EXERCISE OBJECTIVE =>
Pictures stay out of the copy; output exactly the lines from the one containing "Beautiful single-family house" through the end of the material.

AVAILABLE DATA =>
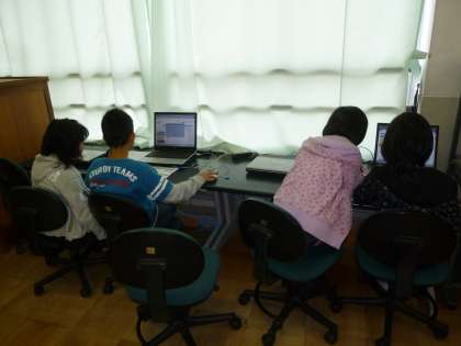 廊下を歩いていると、コンピュータ室で授業をしているよう。何を勉強しているのかな?5年生が理科の学習で天気図を立ち上げていました。「明日の天気はどうなの?」と尋ねると「この雲が移動していくから、多分晴れると思います」次の日、ちゃんと晴れまたよ。
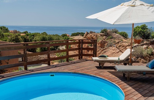 Beautiful single-family house with a sea view, amidst greenery and with a private pool, ideal for nature lovers and those seeking peace and quietThe holiday house is just 900 metres from the beach, nestled into the lush green landscape of the Costa Paradiso.It provides two double bedrooms, a living and dining room with an equipped kitchen, and a bathroom. It can accommodate four people.It is an idyllic little spot, ideal for all nature lovers and those seeking peace and quiet. Behind the house there is a terrace with a grill and wooden furniture, as well as a roofed dining space for meals outdoors and an area for relaxing and sunbathing by the private pool.The holiday complex has two lovely beaches. One is just a short walk away, the other is within easy access by shuttle bus (July to September). There are also many bays that are also accessible from the mainland, for enjoying the lovely crystal clear water of the Costa Paradiso. You can hire rubber dinghies locally for trips along the coast and go diving and mountain biking. There are restaurants, bars, a diving school and a fitness centre with a swimming pool. You can also play tennis and mini football, rounding off the facilities.
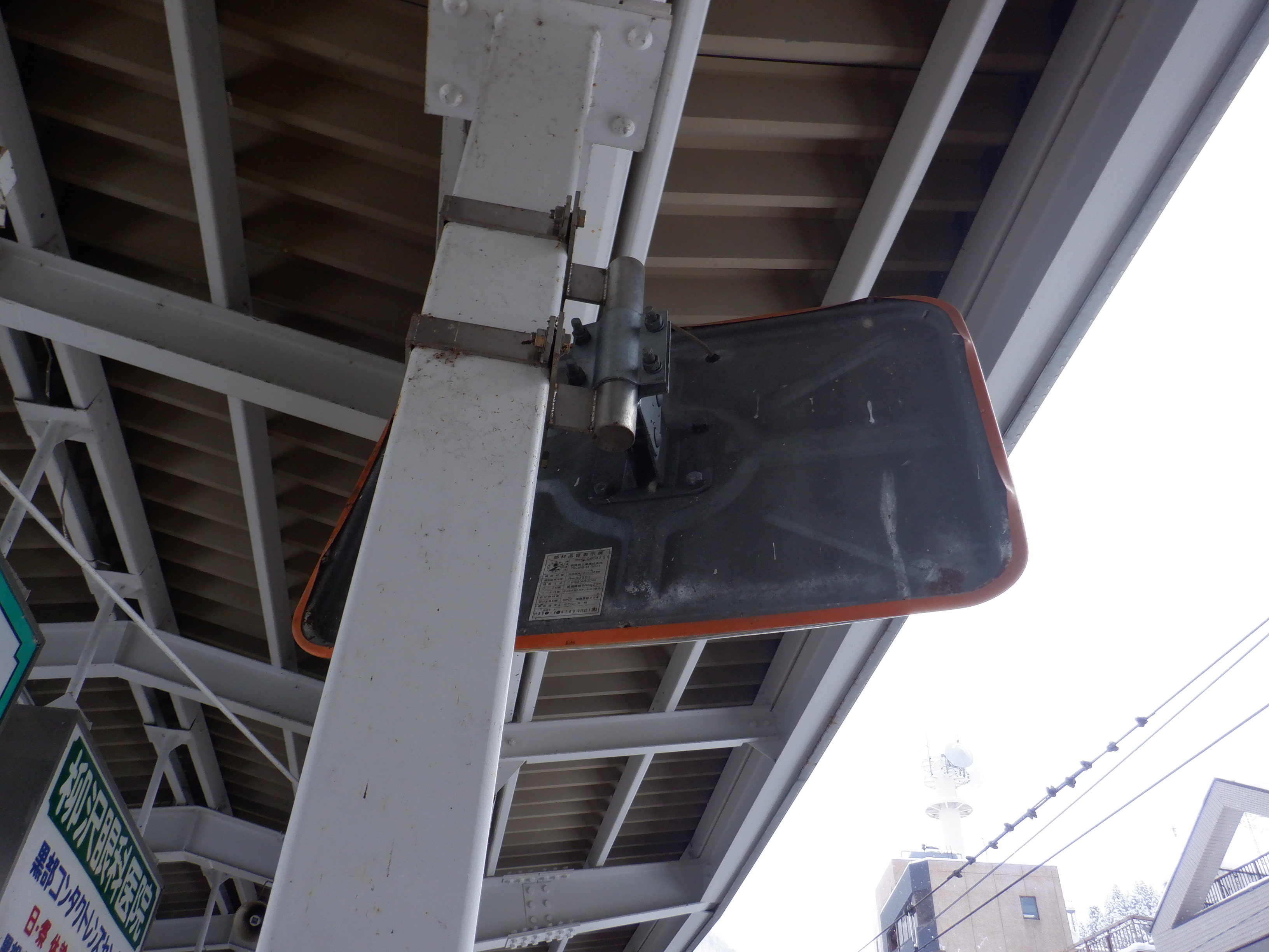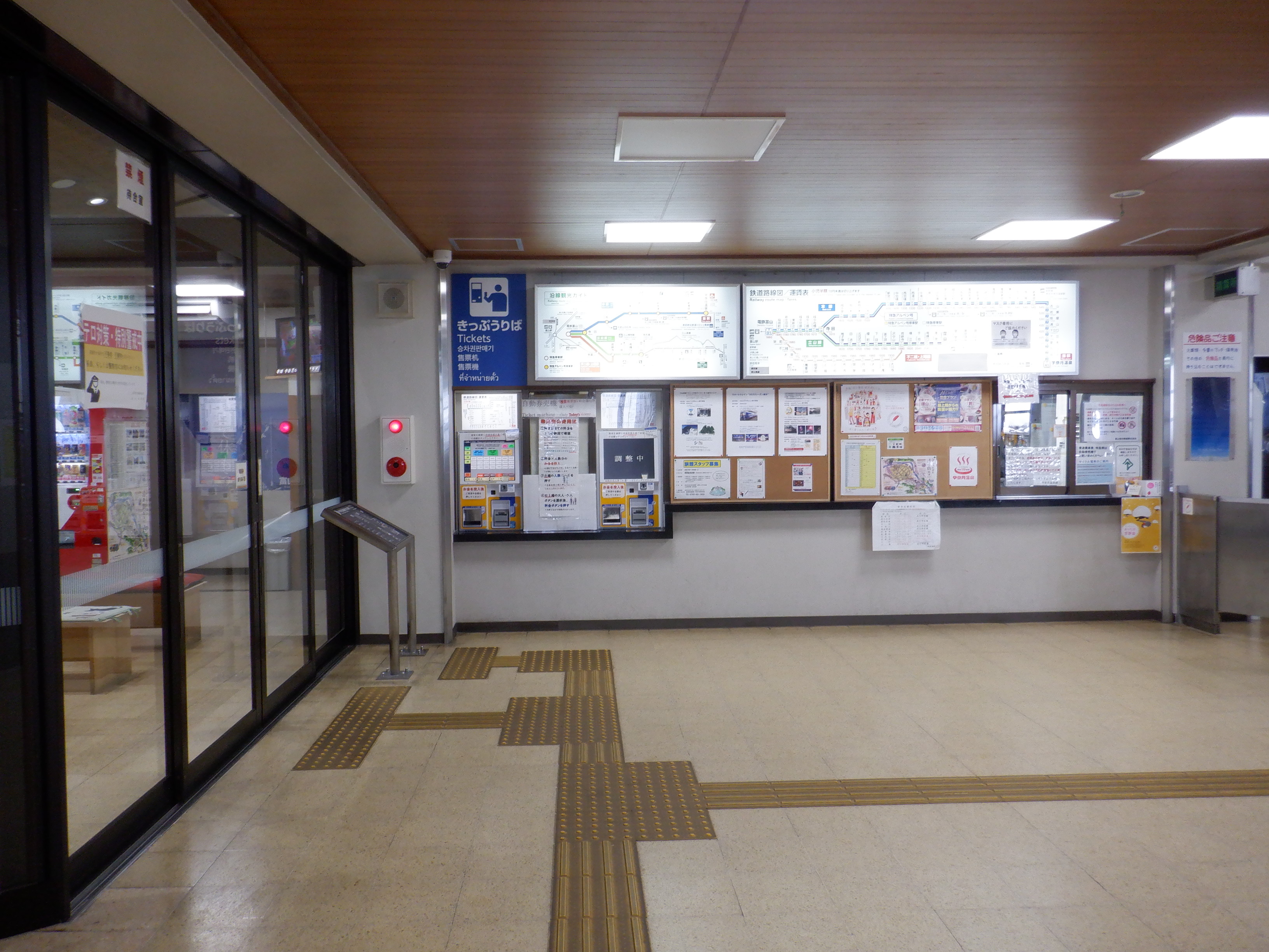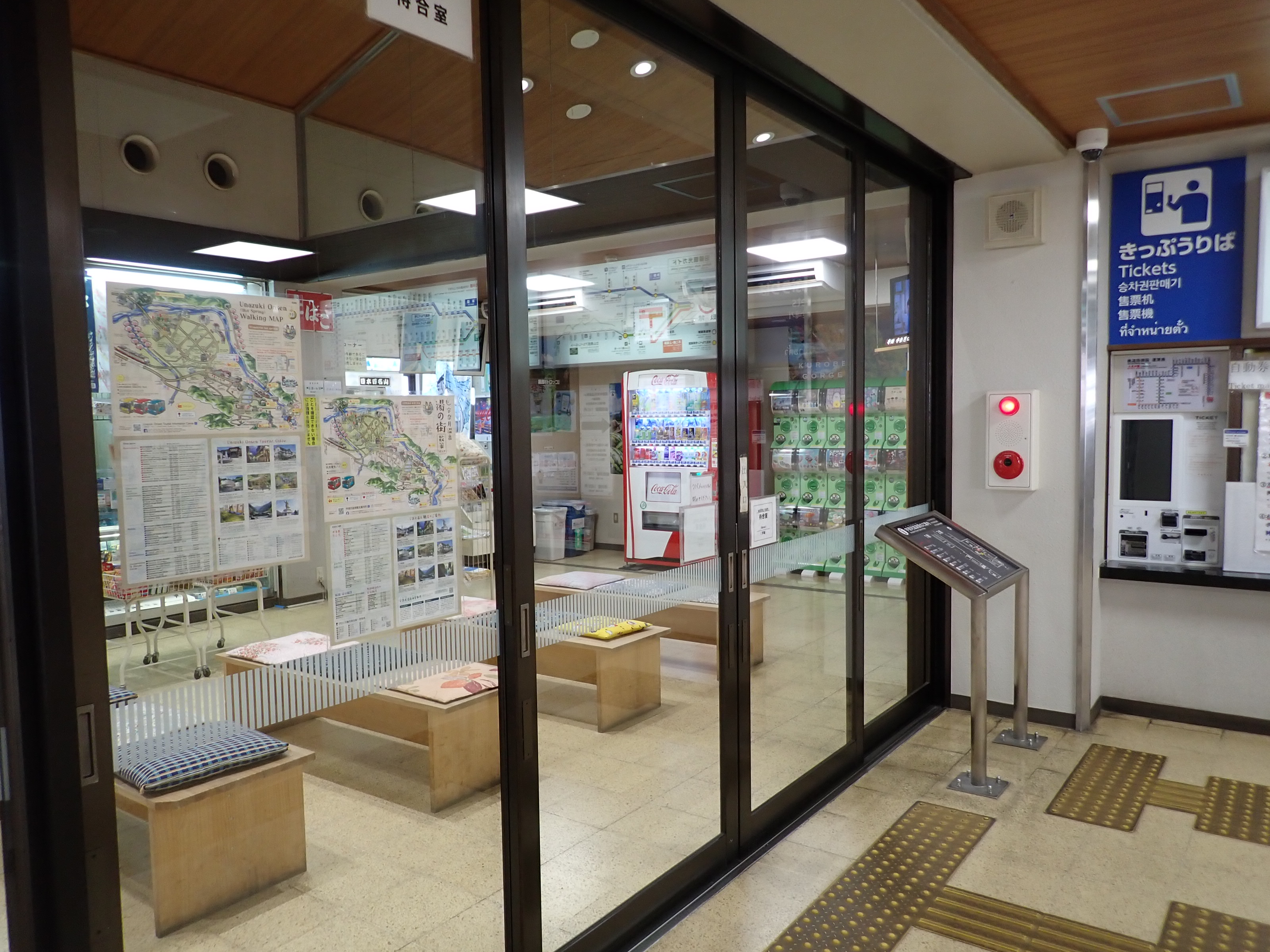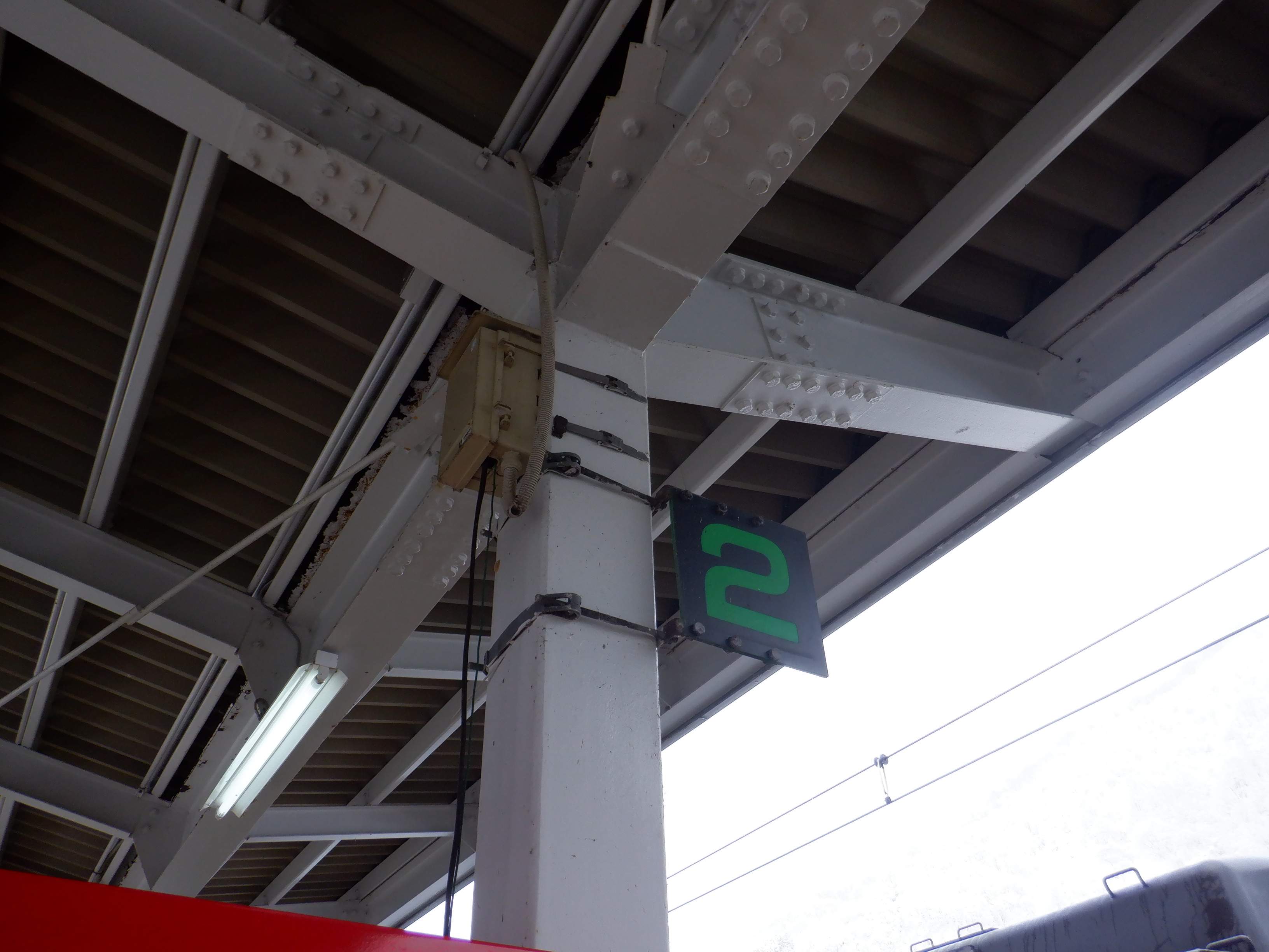 再び階段から改札口の方へ。階段横のスペースから改札とホームを見たところ。

ANSWER BELOW =>
 Beautiful single-family house with a sea view, amidst greenery and with a private pool, ideal for nature lovers and those seeking peace and quietThe holiday house is just 900 metres from the beach, nestled into the lush green landscape of the Costa Paradiso.It provides two double bedrooms, a living and dining room with an equipped kitchen, and a bathroom. It can accommodate four people.It is an idyllic little spot, ideal for all nature lovers and those seeking peace and quiet. Behind the house there is a terrace with a grill and wooden furniture, as well as a roofed dining space for meals outdoors and an area for relaxing and sunbathing by the private pool.The holiday complex has two lovely beaches. One is just a short walk away, the other is within easy access by shuttle bus (July to September). There are also many bays that are also accessible from the mainland, for enjoying the lovely crystal clear water of the Costa Paradiso. You can hire rubber dinghies locally for trips along the coast and go diving and mountain biking. There are restaurants, bars, a diving school and a fitness centre with a swimming pool. You can also play tennis and mini football, rounding off the facilities.
 再び階段から改札口の方へ。階段横のスペースから改札とホームを見たところ。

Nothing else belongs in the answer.